She was further concerned that the mother had recommenced her relationship with M and begun cohabiting with him, but she had not been open with professionals and told them about this. The social worker had not found out about this until the mother’s statement of end March 2025. The social worker confirmed that the maternal grandfather had been clear that he could not care for N, and she did not support a further assessment of the mother and M due to the previous domestic abuse in their relationship and that that assessment would not be within N’s timescales. I found the social worker to be a fair and helpful witness who assisted the Court and was fair to the mother in acknowledging the positive aspects of her relationship with N.
Parenting Assessor Ms A
I then heard from the parenting assessor, Ms A. The parenting assessor had done her assessment, plus an addendum one, a few months ago. She confirmed she had read all the updating court documents before giving her evidence, and it was clear that she had a good understanding of the mother and the difficulties she has had. The parenting assessor was pleased to hear the mother had disassociated from R, but she was concerned that the mother had reconciled with M, given her long standing allegations of the physical, emotional and financial abuse that she had suffered in her relationship with him.
The parenting assessor was concerned the mother had merely moved from one abusive relationship with R back to a familiar, but another potentially abusive relationship with M. She did not consider any future assessment would be positive of the two of them, and that delay for a joint assessment of them was not in N’s best interest. I found the parenting assessor to be a thoughtful and fair witness who clearly had a good understanding of the concerns in the case and the challenges the mother faces.

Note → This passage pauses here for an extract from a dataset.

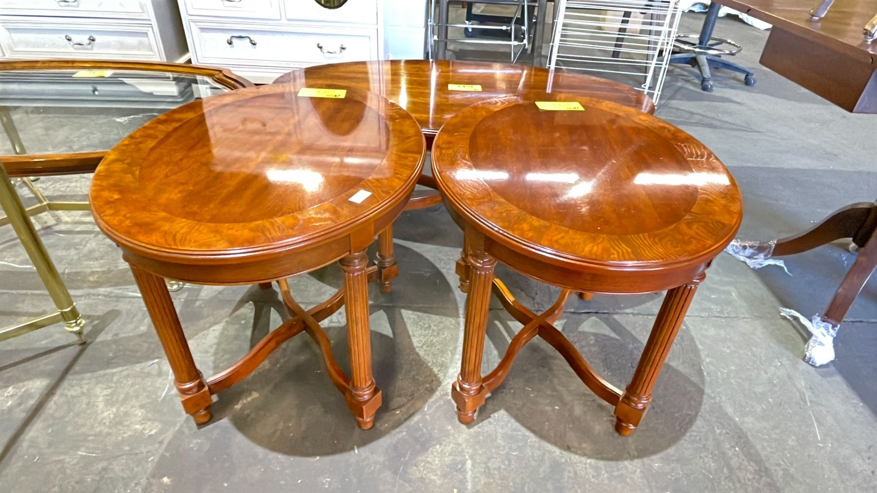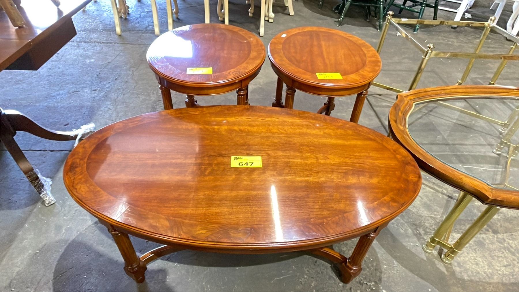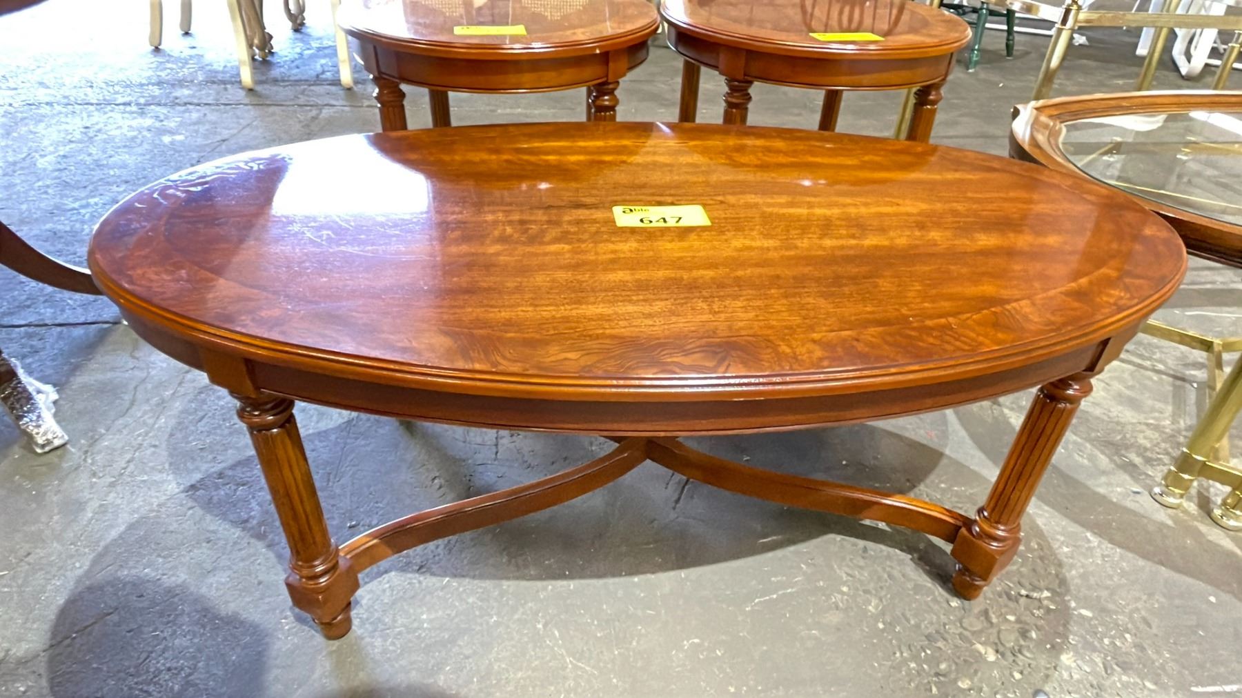 MATCHING WOOD OVAL COFFEE TABLE (45"L X 25"D X 17"T) & (2) OVAL SIDE TABLE WITH HIGH-GLOSS TOPS

Mother’s current partner, and father of her older children, M
I am grateful to the mother’s solicitor, Ms Landsberg, for arranging to file at court at short notice, a statement from M, and M then gave evidence to the Court. He joined by video link. At first, it was noisy, but his neighbours’ builders kindly stopped their work so he could be heard giving his evidence. He accepted he had been emotionally abusive to K in the past, but said that he had not been physically abusive, nor did he accept he had ever been abusive to his children, O and P. He said he had become abstinent from drugs in prison and had been released in October 2023. However, when the care and placement orders were made in respect of O and P, in November 2023, he said he had relapsed, started using cocaine, drinking alcohol and putting weight back on that he had lost in prison.

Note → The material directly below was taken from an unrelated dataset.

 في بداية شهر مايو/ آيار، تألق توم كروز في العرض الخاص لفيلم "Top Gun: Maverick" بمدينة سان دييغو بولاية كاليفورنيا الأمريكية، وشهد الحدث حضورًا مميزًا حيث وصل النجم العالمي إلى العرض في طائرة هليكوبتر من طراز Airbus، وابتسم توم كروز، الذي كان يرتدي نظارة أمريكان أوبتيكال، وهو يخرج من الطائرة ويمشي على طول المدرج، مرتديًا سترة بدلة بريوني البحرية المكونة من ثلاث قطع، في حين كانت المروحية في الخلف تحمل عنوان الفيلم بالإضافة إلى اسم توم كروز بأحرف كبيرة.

He told the Court he had not misused substances for the last six months. He also told me that he had not engaged with drug support services. He said the mother had contacted him in October 2024 by text message and then moved in to live with him the same day. He said they then recommenced their romantic relationship two weeks later. He said he wishes to parent for N with K. He accepted the mother should have told professionals earlier about their relationship, and then their joint assessment proposal could have been considered earlier. I thought M answered questions the best he could, and he came across as being fair. However, I was concerned he lacked insight into past concerns and the potential future challenges of caring for N.
Evidence of the mother
I then heard evidence from the mother. It was really clear in the mother’s evidence how much she loves N as well as O and P. She accepted she had not told professionals either about staying with S, who was someone whose property she had gone to stay in-between extracting herself from the relationship with R and reconciling with M. She said she did not tell anyone because she did not think it was relevant or that there was a requirement to do so.

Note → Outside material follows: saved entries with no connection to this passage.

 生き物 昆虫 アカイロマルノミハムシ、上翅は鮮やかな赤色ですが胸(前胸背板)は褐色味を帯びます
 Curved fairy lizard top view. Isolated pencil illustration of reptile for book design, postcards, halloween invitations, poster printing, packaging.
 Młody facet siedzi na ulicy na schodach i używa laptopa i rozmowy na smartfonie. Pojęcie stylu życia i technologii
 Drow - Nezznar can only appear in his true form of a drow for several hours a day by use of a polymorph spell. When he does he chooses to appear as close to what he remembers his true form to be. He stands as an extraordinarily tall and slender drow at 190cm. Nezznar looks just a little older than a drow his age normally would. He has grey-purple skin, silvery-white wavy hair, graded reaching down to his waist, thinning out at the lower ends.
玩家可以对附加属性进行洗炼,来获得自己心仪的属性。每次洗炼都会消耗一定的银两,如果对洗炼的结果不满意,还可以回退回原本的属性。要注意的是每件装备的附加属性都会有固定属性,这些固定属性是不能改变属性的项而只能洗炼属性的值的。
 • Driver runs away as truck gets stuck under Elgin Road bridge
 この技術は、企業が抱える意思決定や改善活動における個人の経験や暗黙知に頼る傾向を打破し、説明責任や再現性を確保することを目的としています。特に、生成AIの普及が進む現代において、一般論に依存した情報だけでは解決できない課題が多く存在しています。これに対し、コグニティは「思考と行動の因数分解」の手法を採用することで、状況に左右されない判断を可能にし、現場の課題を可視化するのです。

I thought the mother’s evidence showed her level of vulnerability. It was clear how utterly devastated she was and still is about her mother having passed away, and that she still has not come to terms with that loss. She described some really concerning incidents of control and abuse whilst she was associated with R. She described an incident when she was physically assaulted whilst heavily pregnant with N, and that R had controlled her finances and her movements. She explained it was when she had been abused by R in a pub that had led to a stranger called S coming to her help in July 2024. S, that day, offered the mother a room to stay in, and she immediately went to live there the same day.
She explained how that relationship with S was not romantic, but it became a controlling relationship, and that is what led to her texting M in October 2024. Both M and the mother confirmed that they had not been in contact with each other since January 2023, when M was in custody. The mother then met with M on the same day as the message she sent him in October 2024 and, again, moved into his property that same day. The mother accepted in her evidence she had suffered severe domestic abuse from M previously. It is concerning to hear how, just within two weeks of moving into M’s property, she recommenced her relationship with him. Both parents accept that they have not done any of the domestic violence work that was recommended in the previous proceedings. It is of concern to me that not only has she not engaged with the Freedom Programme, but she did not do the vulnerability assessment work recommended by professionals.
K explained she had not abused drink or drugs until her mother had died in October 2022, and it was around this time that R befriended her. The mother accepted there were risks that Social Services had been concerned about both in the current and the previous proceedings, including her association with risky adults, her use of drugs, and M’s behaviour towards her and the children. She accepted she had not fully engaged with professionals in the previous proceedings or in the current ones, and there were difficulties with the parenting assessment getting started in these proceedings due to her initial lack of engagement with it. She accepted in the previous proceedings she had attended just 15 of 115 contact sessions, and she recognised that this impacted on O and P. She also accepted she had not been consistent in terms of contact with N.
In respect of R, the mother was aware that there were worries around her drug use, criminality, including possible firearms offences, that she had been involved in a child abduction incident, and that she had had her own children removed from her care. The mother said that M had been physically abusive towards her and that in an attempted strangulation incident, she accepted she had been frightened “a little bit”. K accepted that M had been physically violent to O and P and that “M had battered the children” and made them throw food at her, but that he was now a changed man.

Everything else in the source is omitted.